The Dumbest Generation?

In the four minutes it probably takes to read this review, you will have logged exactly half the time the average 15- to 24-year-old now spends reading each day. That is, if you even bother to finish. If you are perusing this on the Internet, the big block of text below probably seems daunting, maybe even boring. Who has the time? Besides, one of your Facebook friends might have just posted a status update!

Such is the kind of recklessly distracted impatience that makes Mark Bauerlein fear for his country. "As of 2008," the 49-year-old professor of English at Emory University writes in "The Dumbest Generation," "the intellectual future of the United States looks dim."

Lee Drutman on The Dumbest Generation by Mark Bauerlein

Comments

Anonymous said…
Idiocracy is thus a must see
I agree. That movie was right on in so many ways. By no means a great work of art, but possibly a prophetic one. Although I hope not.

(Though, in another sense of the word "prophetic," it definitely is. In other words, the film may not predict our world's future, but it sure pinpoints via hyperbole the state of our world today.)
Anonymous said…
Sounds similar in tone to Barber's "Consumed" or Jacobs' "Age of American Unreason". Both of these are really musings on Lasch's "Culture of Narcisissm" and Blooms' text.

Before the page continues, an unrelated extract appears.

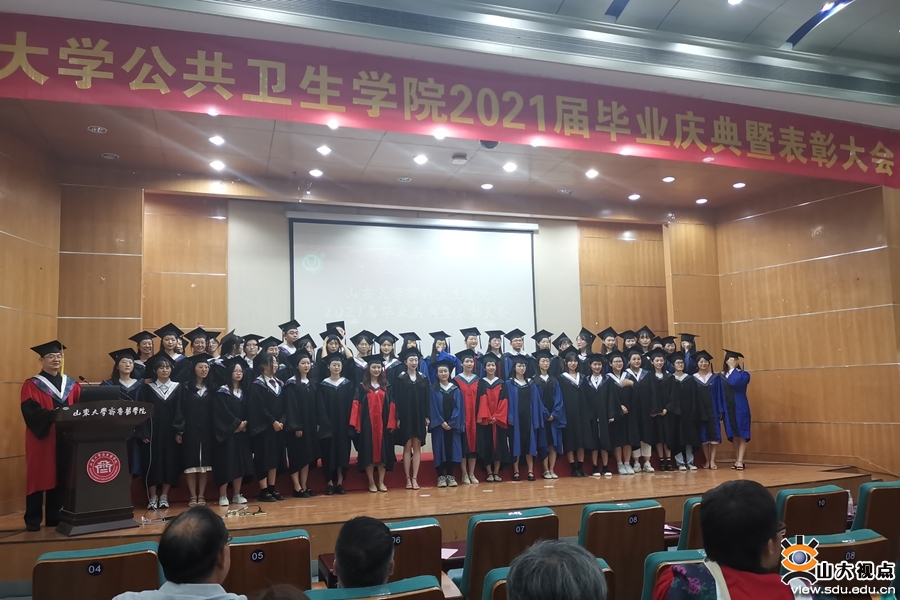 本次毕业庆典暨表彰大会是毕业生教育的重要内容,也是学院深入推进“三全育人”工作的重要载体,学院以庄重典雅、温情有爱的毕业仪式,努力为毕业生上好“最后一课”。山东省疾病预防控制中心、济南市疾病预防控制中心、山东省职业病防治研究院、济南市中心医院、山东大学临床医学院的教师代表,公卫学院学术委员会专家、学系主任、支部书记、优秀教师代表、全体辅导员和2021届本科、硕士、博士毕业生共200余人参加此次活动。
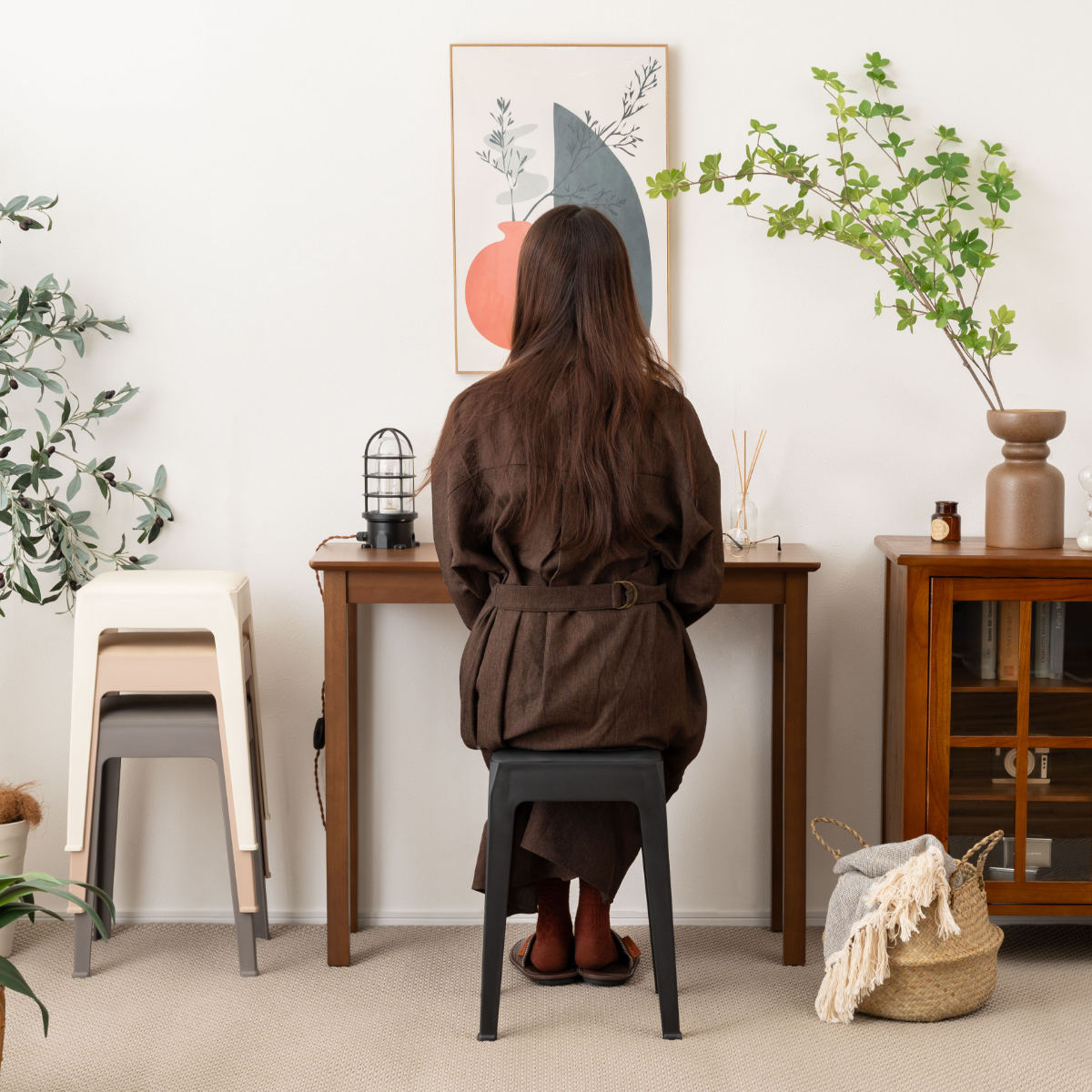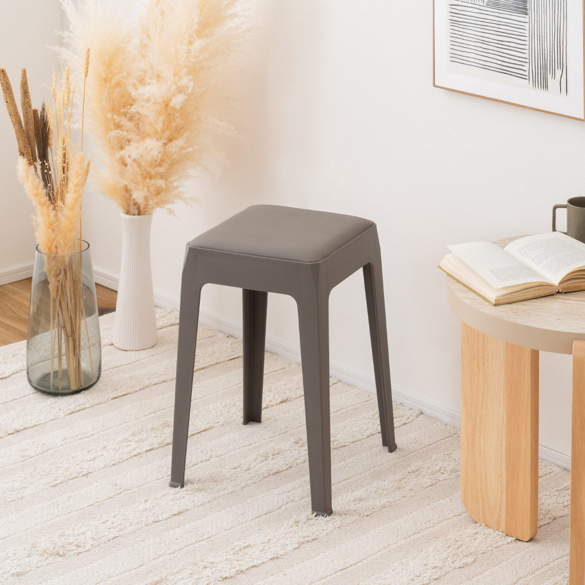 くすみ感のあるやわらかなカラーと、無駄のないシンプルなフォルムのスツールです。主張しすぎず、さりげなく空間を引き立てます。ナチュラルにもモダンにも合わせやすい一脚です。

Much of this sounds to me like pissed off baby boomers and nothing more. Like their Great Depression parents.

It gets salient when scholars like Julia Schor back it up with data. Dumbing down becomes a symptom of privatized corporate marketing. That's where Idiocracy seems dead on in it's dystopian assessment. And it's funny as hell!
Anonymous said…
Have you noticed a change in your own reading skills? When I first went online, my dreams changed from being panoramic to scrolling. Google reader has me zipping through blogs but I've lost my attention span for tv or movies. I think I'm more into seeing patterns and getting a feel for the context as opposed to analyzing specific words. I've started using a French New Testament to slow down the processing rate while retaining the interest level.